--- What needs to be done ---
Print all the data that follows exactly, images excluded.

--- Information supplied ---
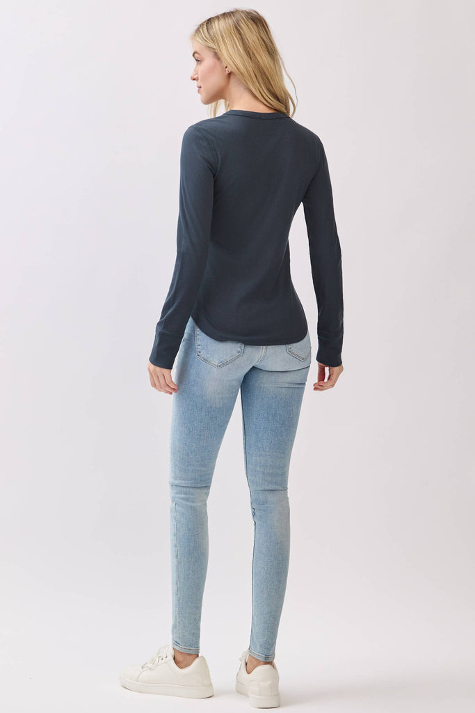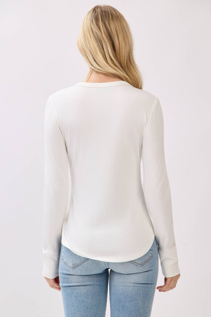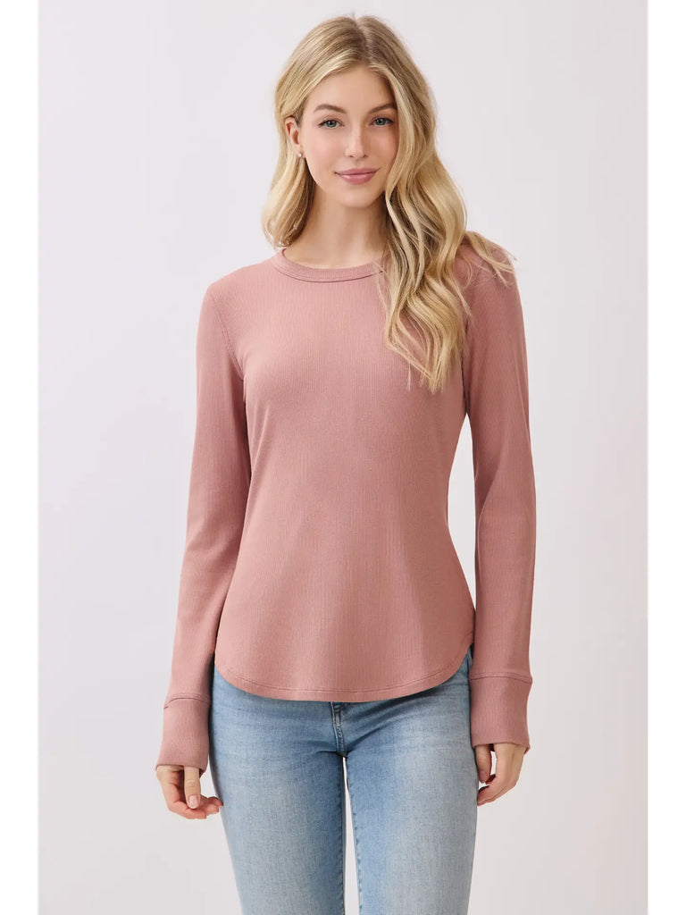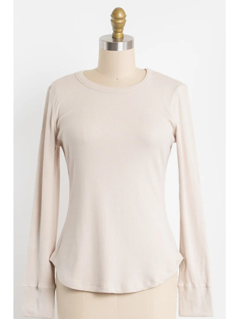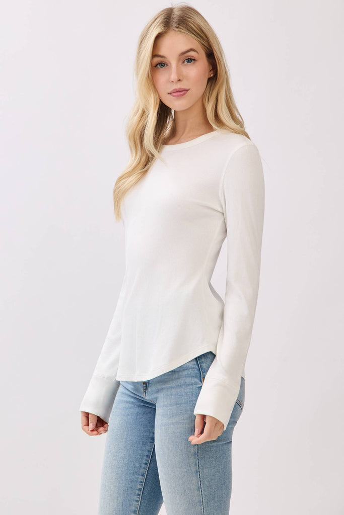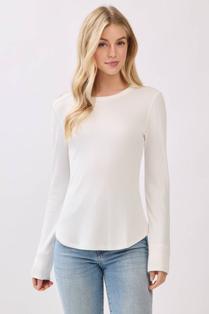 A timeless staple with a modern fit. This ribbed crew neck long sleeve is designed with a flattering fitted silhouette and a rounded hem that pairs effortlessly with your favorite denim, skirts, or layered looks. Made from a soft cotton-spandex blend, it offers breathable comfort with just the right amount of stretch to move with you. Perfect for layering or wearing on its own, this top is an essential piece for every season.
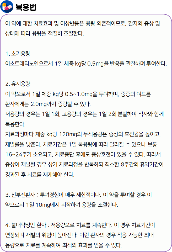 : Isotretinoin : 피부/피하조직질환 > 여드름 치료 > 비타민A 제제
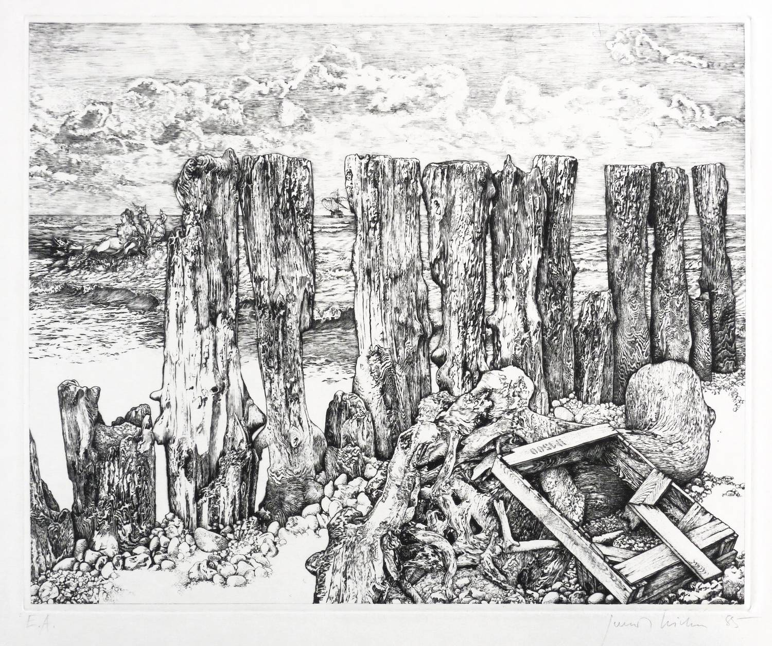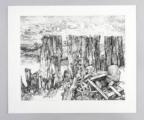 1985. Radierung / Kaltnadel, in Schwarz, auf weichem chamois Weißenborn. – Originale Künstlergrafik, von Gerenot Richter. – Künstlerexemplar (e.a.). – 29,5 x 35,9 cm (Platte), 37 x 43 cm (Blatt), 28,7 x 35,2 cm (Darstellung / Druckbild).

--- Answer for this exercise ---
 A timeless staple with a modern fit. This ribbed crew neck long sleeve is designed with a flattering fitted silhouette and a rounded hem that pairs effortlessly with your favorite denim, skirts, or layered looks. Made from a soft cotton-spandex blend, it offers breathable comfort with just the right amount of stretch to move with you. Perfect for layering or wearing on its own, this top is an essential piece for every season.
 : Isotretinoin : 피부/피하조직질환 > 여드름 치료 > 비타민A 제제
 1985. Radierung / Kaltnadel, in Schwarz, auf weichem chamois Weißenborn. – Originale Künstlergrafik, von Gerenot Richter. – Künstlerexemplar (e.a.). – 29,5 x 35,9 cm (Platte), 37 x 43 cm (Blatt), 28,7 x 35,2 cm (Darstellung / Druckbild).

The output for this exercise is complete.